Also a picture of my 'wiring', well, at least how I planned it.

IMG_76101920×605 142 KB

I hope you can help me.

Sorry for my bad english...

In principle using 0 & 1 is OK, but how do you debug this? I would certainly get stuck trying to and I'd much rather add a MCP23017 GPIO expander to the project to get 16 more pins for driving relays etc. so I could have my Serial back.

Furthermore, like many projects, yours is essentially a state machine, but programmed with a combination of nested if-statements and delays (notwithstanding your valiant attempt at harnessing millis()...) I myself have pretty much given up on trying to fix such a system whenever it breaks - which it invariably does. As you've noticed, all is nice and dandy as long as the system isn't too complex, but once it does become complex, you get pretty much stuck.

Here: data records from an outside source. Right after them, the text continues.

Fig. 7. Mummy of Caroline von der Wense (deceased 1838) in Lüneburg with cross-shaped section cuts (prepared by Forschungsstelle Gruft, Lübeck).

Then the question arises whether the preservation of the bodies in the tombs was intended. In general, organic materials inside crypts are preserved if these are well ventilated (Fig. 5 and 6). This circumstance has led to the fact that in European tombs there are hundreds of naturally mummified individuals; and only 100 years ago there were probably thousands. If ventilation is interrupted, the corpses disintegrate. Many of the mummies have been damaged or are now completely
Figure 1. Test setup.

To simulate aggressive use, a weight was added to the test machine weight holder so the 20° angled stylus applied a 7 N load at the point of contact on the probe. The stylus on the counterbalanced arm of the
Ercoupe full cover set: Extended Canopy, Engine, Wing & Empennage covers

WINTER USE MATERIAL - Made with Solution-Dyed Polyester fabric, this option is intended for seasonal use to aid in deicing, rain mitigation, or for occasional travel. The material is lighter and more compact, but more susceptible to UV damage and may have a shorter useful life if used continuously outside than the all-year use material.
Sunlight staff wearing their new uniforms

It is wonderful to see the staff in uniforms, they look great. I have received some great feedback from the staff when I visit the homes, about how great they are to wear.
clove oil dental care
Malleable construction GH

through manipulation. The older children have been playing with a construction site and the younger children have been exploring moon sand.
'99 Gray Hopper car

A better approach is making a 'proper' finite state machine using for instance switch-case logic to have cleanly defined states in which only specific parts of code are executed. I'm personally quite fond of this page which gives a primer of the topic as well as a small example: State Machines and Arduino Implementation – Norwegian Creations

So, in short, my advice:

• Get back Serial so you can debug properly
• Fundamentally change your approach to how you've set up this program

At first glance of the code suggest you do a rewrite.

• Get rid of delay( )s
• write the sketch as a State Machine

PS: your English is fine! Don't worry about it

What does it do? What should it?

Your loop function is long and hard to read. I suggest that you break it out into several separate functions. The first easy change is to move all the LCD display code to a function of its own.

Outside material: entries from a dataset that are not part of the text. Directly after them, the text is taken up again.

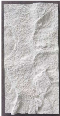
Light clay Shi Pi 1200*600mm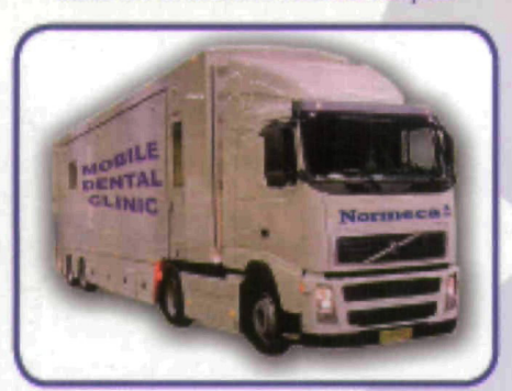
All kinds of clinics or hospitals in MultiSpace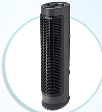
HAP424-NU-1 HEPA Type Tower Air Purifier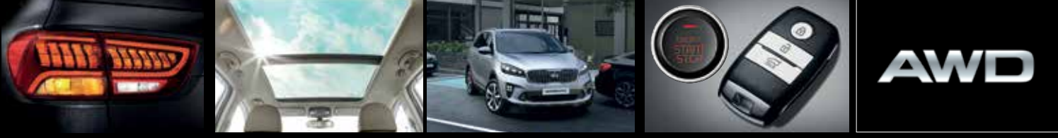
LED Tail Lamps and Stop Lamps Panoramic Sunroof Front and Rear Parking Sensors Push Start with Smart Entry All Wheel Drive*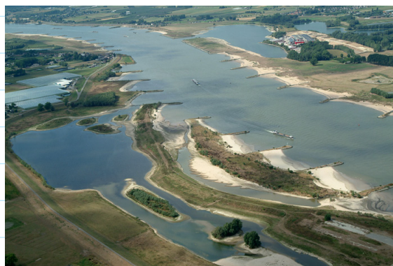
ECOLOGICAL RESTORATION OF THE LANDSCAPE IN A WAAL FLOODPLAIN NEAR GAMEREN, THE NETHERLANDS.

mono-focal river management practices, and of the increased benefits of a healthy, multifunctional river system for society. During their planning phase, river restoration projects typically use some form of information on historical or contemporary reference conditions to define objectives and to help the evaluation process. As such there are often no appropriate reference systems to use. Ignorance of regional land use and river history can lead to restoration that sets unrealistic goals. Hydrologic connectivity refers to water mediated transfer of matter, energy and organisms within or between components of the river environment- the aquifer, floodplain, river bed etc. Connectivity operates in longitudinal, lateral and vertical dimensions and over time. In general the vision of river restoration is simple and practical. River restoration takes into account the historical situation-both physical –morphological and natural in relation to human activities- and aims to preserve and capitalize the remaining natural values, in the context setting of socio-economic developments towards a more sustainable approach. The high investment costs in ecological restoration are not realistic in economic sense, as natural values are poorly expressed in money equivalents.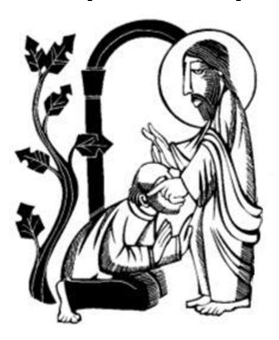
The 16<sup>th</sup> Sunday after Pentecost September 8, 2024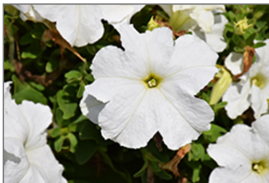
EZ Rider White Petunia flowers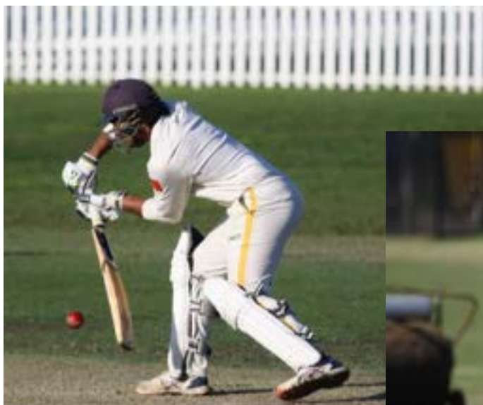
Some 5 th Graders in action vs. Sydney University...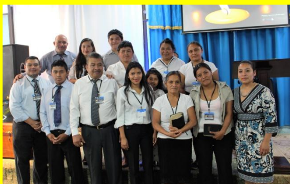
Our wonderful Team Leaders

The church is growing, and because of that we have a lot more children and teens. We now have leaders for both the children and the teens. Below are photos of them. Room has become very tight as we grow (what a wonderful problem to have!), so we are praying about raising funds to purchase the property so we can build better classrooms and a church building, and so each month a raffle will be held. We really need a miracle! Please pray that we can raise the funds quickly to purchase the land. It is not cheap!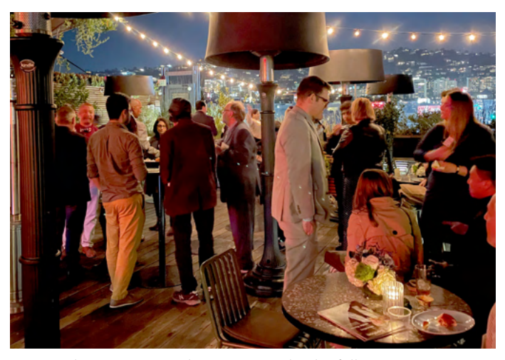
Beacon alumni came together in Los Angeles this fall.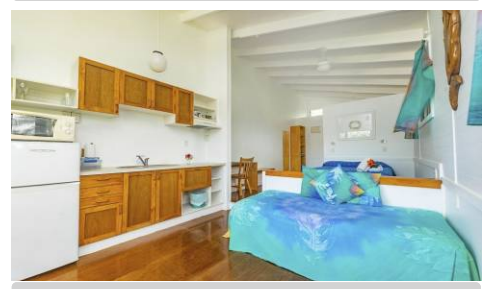
BEACHSIDE DELUXE UNIT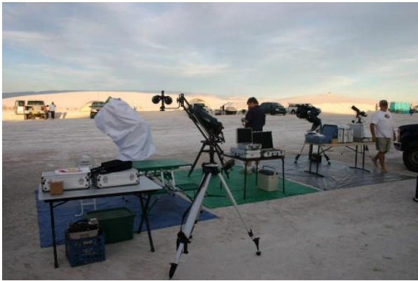
Left & Right: ASLC Camp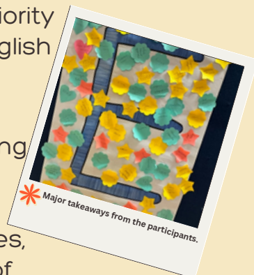
Major takeaways from the participants.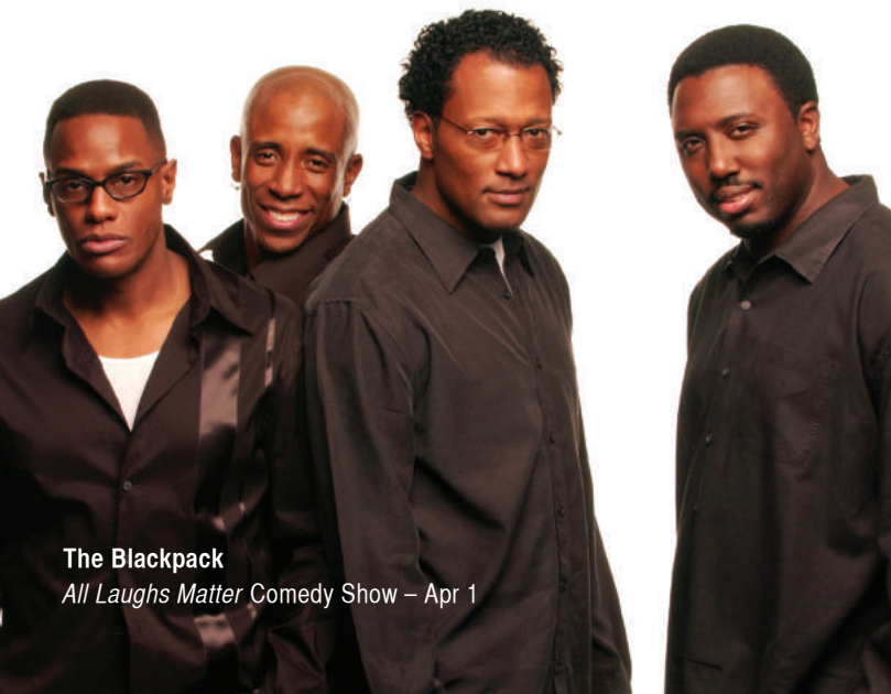
The Backpack All Laughs Matter Comedy Show – Apr 1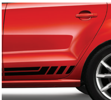
SIDE BODY GRAPHICS

The legend has a lot of followers. Make it worth their time with a sleek boot badge.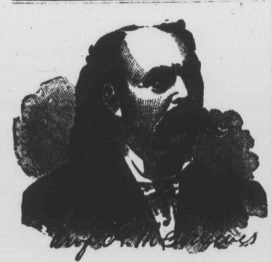
Trade Mark Registered. ANOTHER GREAT BOOM IN WINNIPEG.

whole system. Cut this out and take it to your Druggist and get a 10 cent Sample, or a large bottle for 75 cents, and tell your neighbor about it.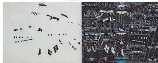
Archival prints on an archival board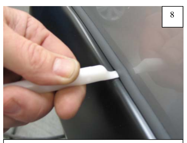
Using flat end of supplied Edge Trim Tool, seat edge trim against flare by inserting straight end between edge trim and flare at one end and slide around entire edge to the other end.

BUSHWACKER FENDER FLARES TRUCK FENDER FLARES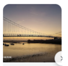
Gomti Ghat Dwarka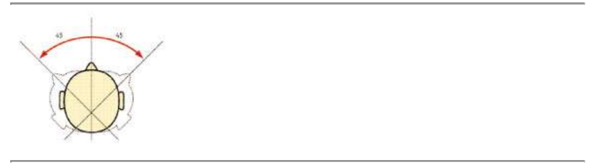
Fig. 5 An ergonomic headrest also provides for axial rotation of the patient's head in the "X" plane.

Most dentists will need to complete skill courses to master access, contacts on instruments, stabilization of the fingers, and views of the operating point.8,9 Headrest design is instrumental in the positioning of the oral cavity for the application of these new skills.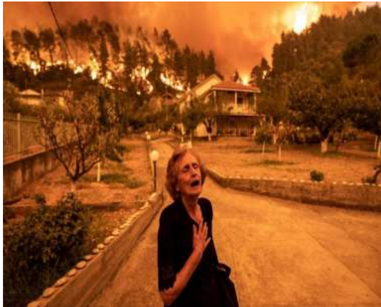
Evia's fire, Greece, August 2021

Another usual natural disaster is fire. If a fire spreads out ,not only is it dangerous for people and animals but also there is no oxygen because trees are destroyed . Additionally, when it rains the water cannot be absorbed by trees and as a result, we are forced to deal with floods.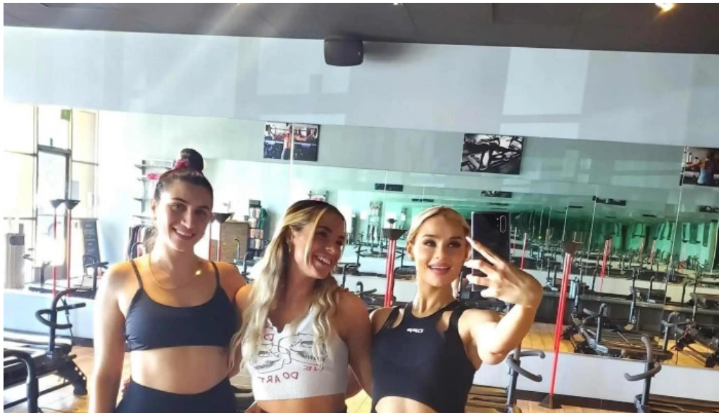
Motivate valencia prices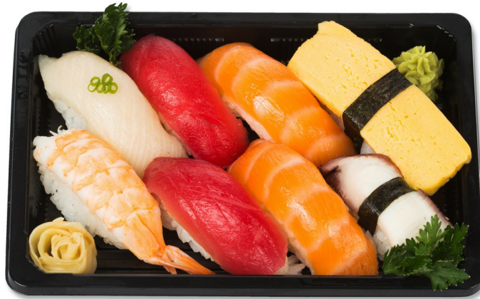
8 pc Nigiri

Roasted Nori Sheet, Sushi Rice, Hamachi, Tuna, Salmon, Tamago, Octopus, Shrimp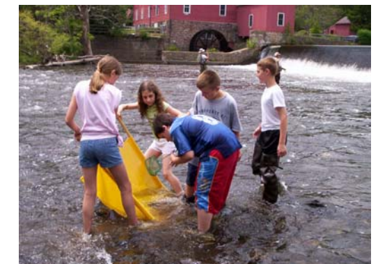
Educating local school students about water quality in the watershed.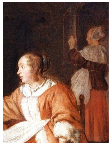
Fig 1. Detail of Gabriel Metsu, A Woman Offering a Glass of Wine to a Man , 1658–60, oil on canvas, 40.6 x 35.5 cm, private collection

Maybe move the heating controller code out too. Keep going until each function fits on a page - so much easier to debug.

Does this State Machine work with three different terraria on one chip? Or would you rather use three Arduinos for that?

I am currently reading the article you linked in your answer and am a little bit overwhelmed. But it makes sense. I just wonder how much longer it will take for me to fully grasp this potential

For the serial... I started debugging with help from the I2C display. I changed the code so that I could see in which step the program was with little markers on the display. I would really like to keep the layout of my board, because I have made a pcb for it and all the ports. It defintely makes debugging harder, but apart from that I really don't need serial.
I thought about using an Arduino Mega for the sole purpose of debugging and testing the code, but I don't know if that makes sense though.

Really thank you for your help. I Will try my best so change the code accordingly.

Do it. Serial is just about the only tool you can debug a Nano with, so having to test without it will be a nightmare.

It does show me the sensor values, the time (hour and minute) and the reading of the analog sensor on the display and managed to switch one relais (for Heizung1).
What it should do... Well, it should show all these things on the display. Furthermore it should regulate the temperature in each of the terraria accordnigly. 27°C for terrarium1 and 31°C for terrarium2&3 on daytime and 27°C only for terrarium 2&3 at night. Two more things it should do: Switch two different Light relais, one for the day, 8am-6pm (combined for all three terraria) and one for the evening, 6pm-8pm to light some spots. And last but not least controll the humidity in the terraria. From 8am-6pm it should switch two relais for 2-3 seconds. one of them in a 30 minutes interval, the other in a 15-20 minutes interval.

So heating, humidity, light and display.

I get that the loop part is really hard to read. Sorry about that I think thats my problem, too. I started using different functions to keep the loop clean, but I did not manage to fit it on different pages.

I am very new to all this and it is rather hard to learn all the details and workarounds to get to my goal.

Thank you very much for your answer and advice.

To be clear, it doesn't need to be on separate tabs - all your code can be in a single file. It's just easier to work with if you can view each function without having to scroll.

Good morning dear helpers

This is more difficult than I thought. Maybe for me it is just the first steps that are so difficult, because I can't really think about a good way to make use of the switch cases.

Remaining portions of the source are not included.